Cain and I spent the entire weekend wrapped up in each other, literally and metaphorically. We were cocooned in a world where nothing could touch us, enjoying an affection we had never allowed ourselves to express before. Like all bubbles though, ours finally burst in the form of a phone call from Annabelle. She had scheduled a prenatal scan and wanted to let Cain know so he could book a flight home. Just the thought made me feel ill, and I had no intention of accompanying Cain on this one. Cain, however, had other ideas, and his Neanderthal side came out to play when he went ahead and booked a flight for me too, without asking! I refused to be a third wheel on an event as special as seeing your child in the womb for the first time. Awkward much? So Cain arranged for me to spend my first night with my father. He would spend it with his own family and accompany Annabelle to the appointment the following day, then spend that night with me and Dad.

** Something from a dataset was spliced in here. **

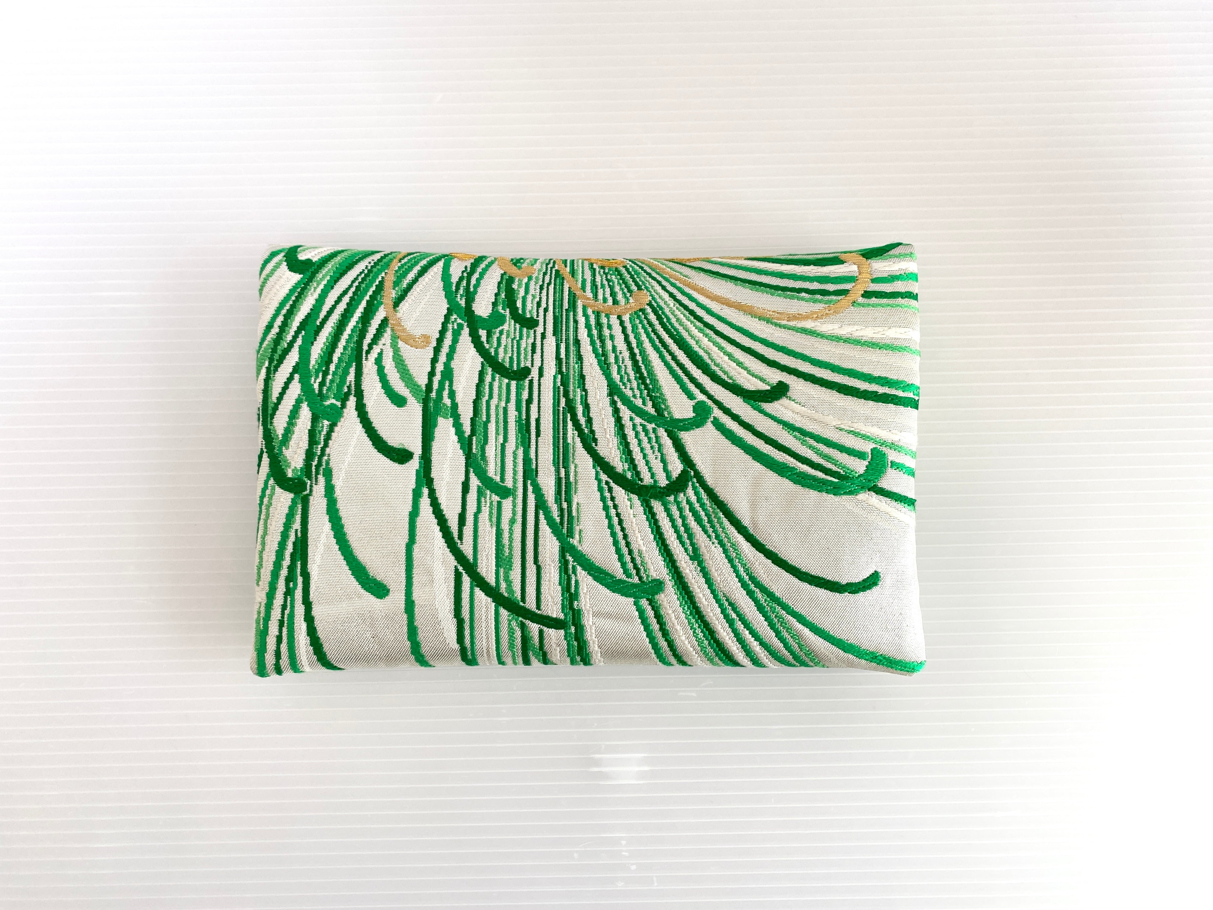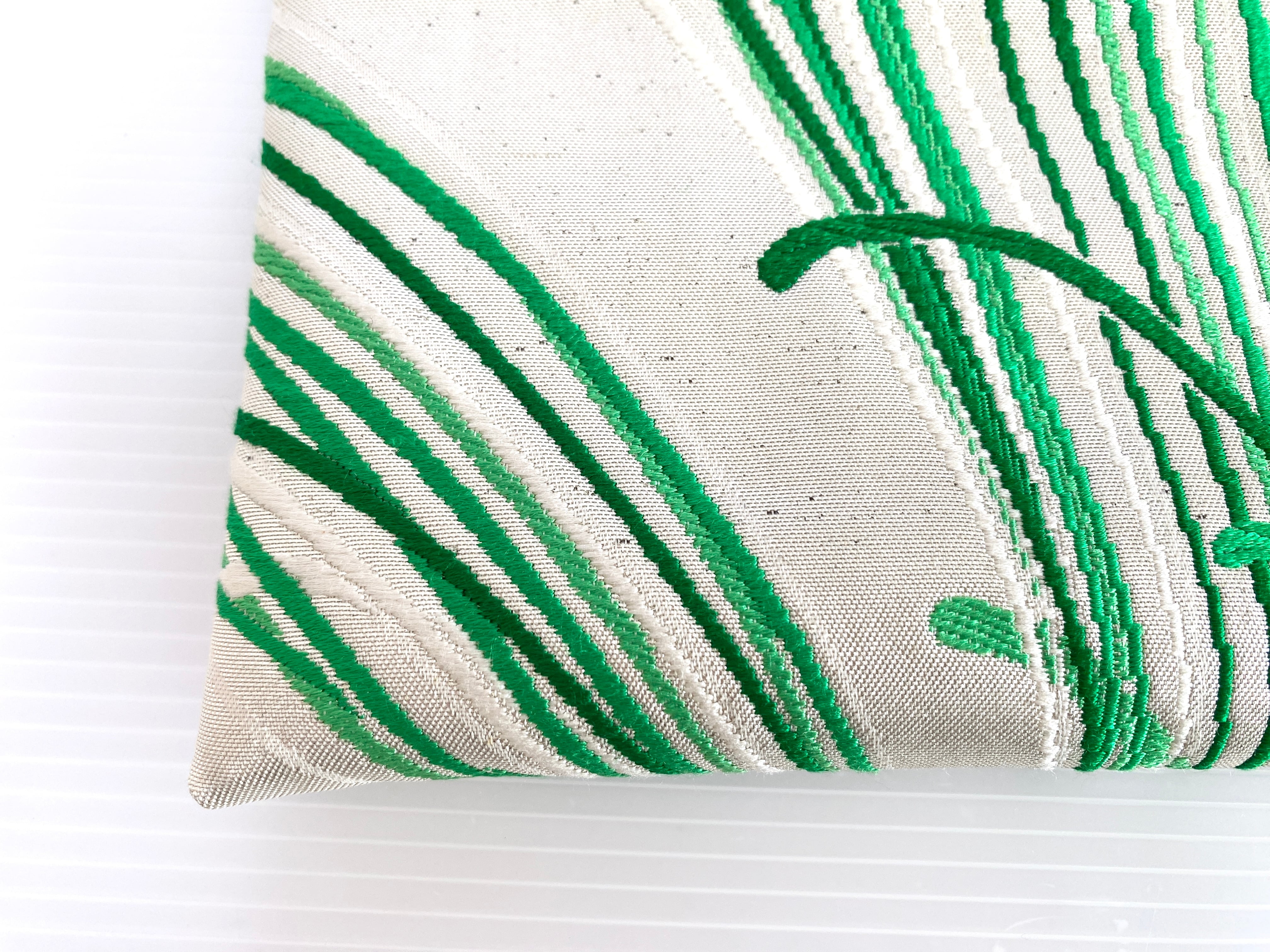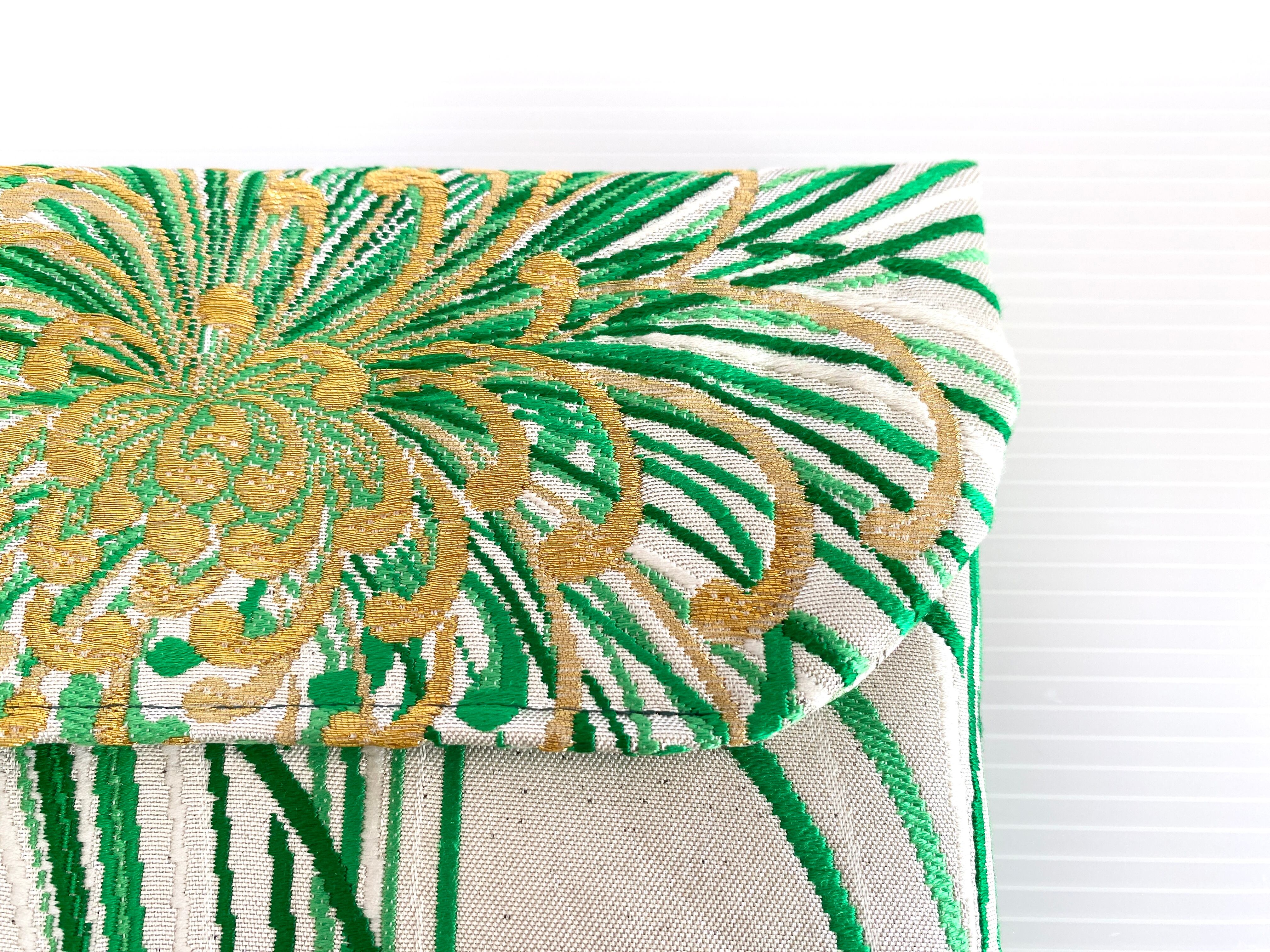 触り心地が滑らかで手にしっくりとくる安心感。絵柄の鮮やかさは日本の帯ならではの存在感で素晴らしく華やかな美しさです

Now, I once again stood outside my father’s door, the third time in a year. I hadn’t been home this much since I had left. Before I had a chance to knock, the door was flung open, and I was dragged into my father’s warm hug. His body was so much softer than it had ever been before; he’d managed to put on even more weight.

“I missed you, pumpkin,” he said a little gruffly before drawing away.

Dad looked good, but I could still see the sadness in his eyes. He missed Mom. For all her faults, he loved her and that was something I could finally understand. Being apart from Cain had felt like my heart was being constantly shredded with sharp, cold knives; the only reprieve coming in the form of sleep and the gentle distraction of a stranger. Even though my mother had been a destructive force in our house, I understood my father’s love for her. You can’t help who you fall in love with, and now he was alone.

“Who’s been feeding you, old man? You keep growing like this, and I’m going to stuff you in a Santa suit next month and make you crawl down the chimney.”

Dad chuckled. “I’m pretty sure I wouldn’t fit.” He dragged my suitcase inside, closing the door on the winter chill.

“You painted,” I said with more than a little surprise. The usually drab grey walls were a pale shade of blue and new carpet finished the makeover. The furniture was the same, but it was neat and tidy. Running my finger as inconspicuously as possible over a shelf to my side, I noticed there wasn’t a speck of dust.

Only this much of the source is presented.